In der letzten Januarwoche des Jahres waren die Vorstandsmitglieder Dr. Pascale Pouzet und Erwin Wiest des Fördervereins Piela-Bilanga aus Ochsenhausen zusammen mit Susanne Langer (Vorsitzende) und Barbara Rode (Vorstandsmitglied) vom Freundeskreis BAREKA aus Untergruppenbach zu Gesprächen mit ihren Partnern und Freunden in Ouagadougou. Ziel war es, nach zwei Jahren der Abstinenz sich wieder persönlich zu Ouagasehen, den Stau an Themen aufzuarbeiten und die laufenden und anstehenden Projekte zu besprechen. Aufgrund der unsicheren Lage war vorgesehen, sich in einem Hotel zu treffen und dessen gut ausgestatteten Besprechungsraum zu nutzen. Die Anreise erfolgte am Samstag, den 22. Januar 2022. In der Nacht zum Sonntag kam es zu einem Staatsstreich, in dessen Gefolge sich der neue starke Mann, Oberstleutnant Damiba, an die Macht putschte. Wie erlebten die Besucher aus Europa den Putsch und den Machtwechsel? Erwin Wiest berichtet über das „Erleben“ hautnah in Ouagadougou, „mittendrin“ und die Gespräche darüber mit den burkinischen Freunden. Wie haben diese den Machtwechsel erlebt? Wie denken sie darüber?
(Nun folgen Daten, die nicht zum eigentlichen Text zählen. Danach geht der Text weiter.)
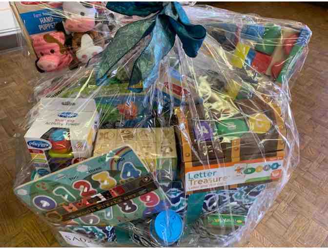 This basket is perfect for anyone with a little one in their lives! Comes complete with an assortment of Melissa and Doug toys, foam and wooden puzzles, sensory balls, PlayGro activity tower, ABC flashcards, Barrel of Monkeys, and I Spy card game- all packed into a convenient storage tote.
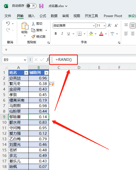 第一步:准备所有学生名单,并添加辅助列,辅助列就用rand()函数生成0-1之间的随机数
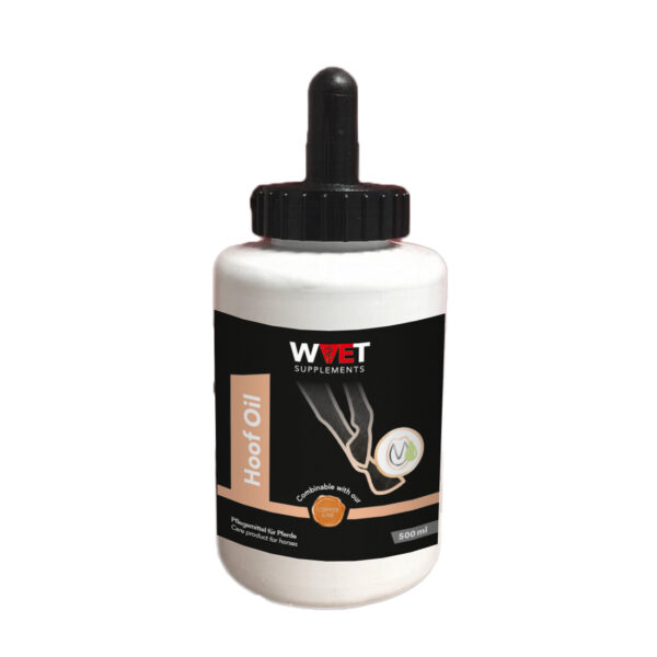 WVET hovolie med E-vitamin indeholder naturlige plejeolier af høj kvalitet. Hovolien trænger ind i hoven uden at efterlade rester. Den specielle kombination af aktive ingredienser kan hjælpe med at regenererer hovhornet og udtørrede hornområder. Hovolien hjælper med at tilføre fugt, elasticiteten bevares og hoven beskyttes og styrkes. WVET hovolie er derfor særlig velegnet til daglig pleje.
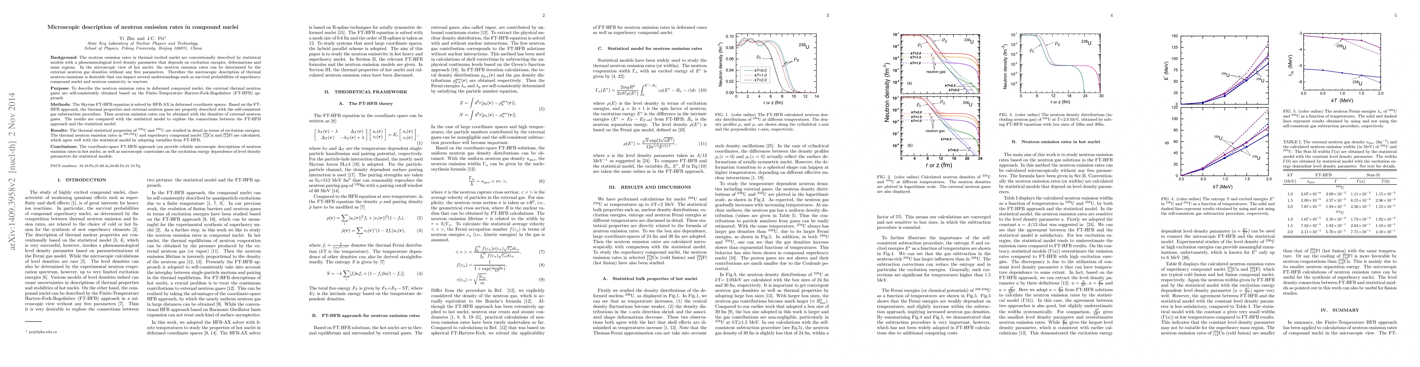 This paper presents a microscopic approach using the Finite-Temperature Hartree-Fock-Bogoliubov (FT-HFB) method to describe neutron emission rates in thermally excited nuclei, providing a self-consistent description without free parameters. The results are compared with statistical models, showing good agreement for nuclei like $^{238}$U, $^{258}$U, and superheavy nuclei.

Um so nah als möglich am Erlebten zu bleiben und nicht nachträglich die Stimmung zu verfälschen, habe ich mir die Mails und WhatsApp-Nachrichten angeschaut, die ich unmittelbar vor Ort geschrieben hatte, und zitiere aus diesen. Gesendet nach Hause, an die Vorstandsmitglieder, Bekannten und Freunde und die Lokalredaktion der örtlichen Presse. Am Dienstag, drei Tage nach dem Putsch, schreibe ich an die Zeitung. Daraus entsteht im Laufe der Woche ein Artikel, der dann am Samstag veröffentlicht wird.
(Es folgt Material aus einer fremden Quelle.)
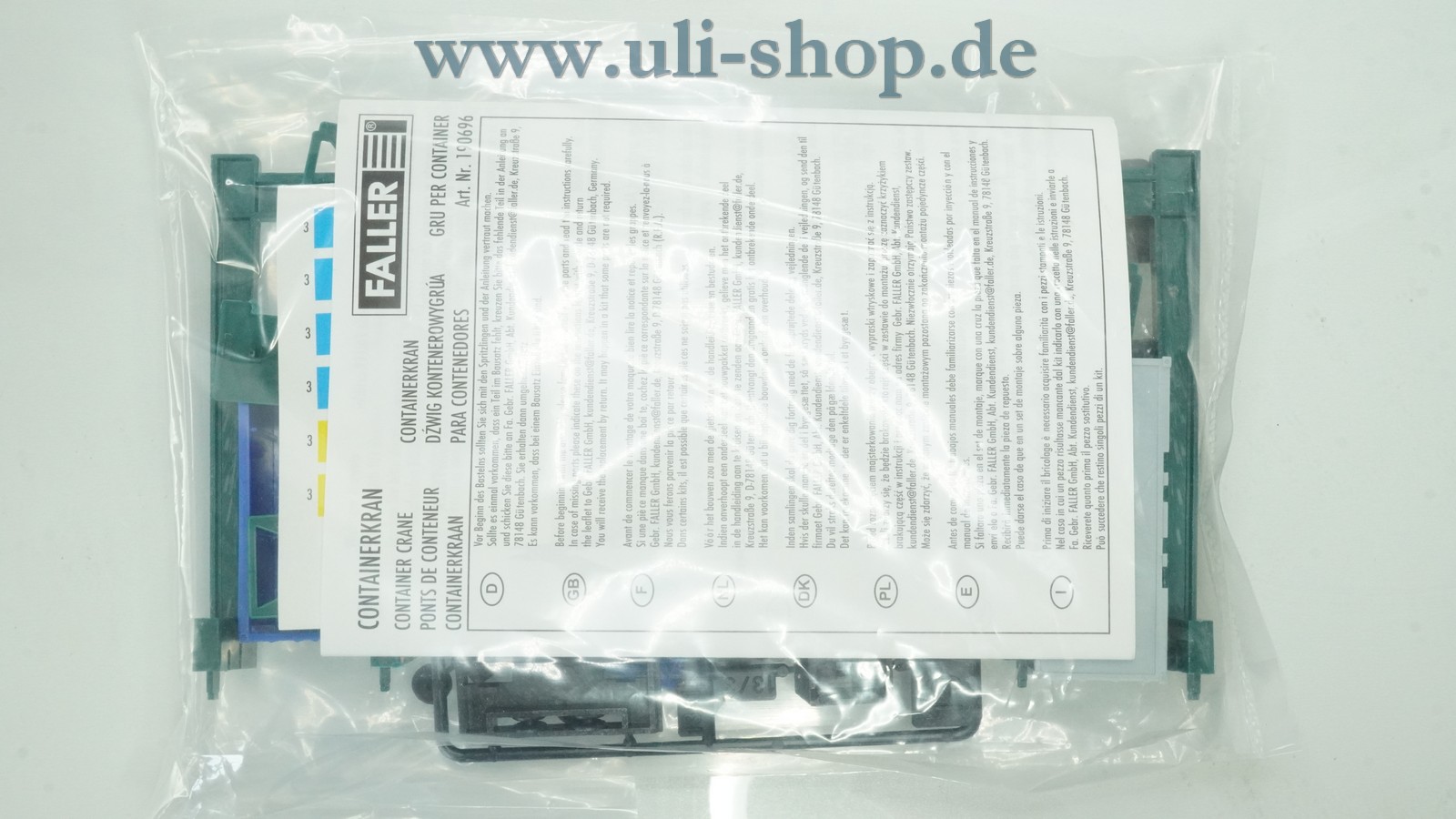 Faller H0 Modellhaus mit der Artikelnummer 190696 Containerkran. Die Originalverpackung ist vorhanden. Die Verpackung des Bausatzes wurde schon einmal geöffnet. Wir können leider nicht mit Sicherheit behaupten, dass alle Teile vollständig vorhanden sind, es sieht aber danach aus. Sollte sich beim Zusammenbauen herausstellen, dass doch Teile fehlen, werden wir Ihnen den Kaufbetrag selbstverständlich zurückerstatten.

(Zitat aus der Mail an den Chefredakteur):

Am Samstag sind wir gestartet und dann abends hier in Ouagadougou angekommen. Wir wohnen in einem Gästehaus im Zentrum, nicht weit weg von der „Primature“(Amtssitz des Premierministers), der Botschaft, dem Parlament und wenige hundert Meter weg von einer Hauptverkehrstrasse, die zum „Place des Nations Unis“ führt. Immer eine bevorzugte Adresse von Demonstrationszügen. Der Palast des Präsidenten liegt außerhalb im neuen Viertel „Ouaga 2000“, ca. 3 km weg.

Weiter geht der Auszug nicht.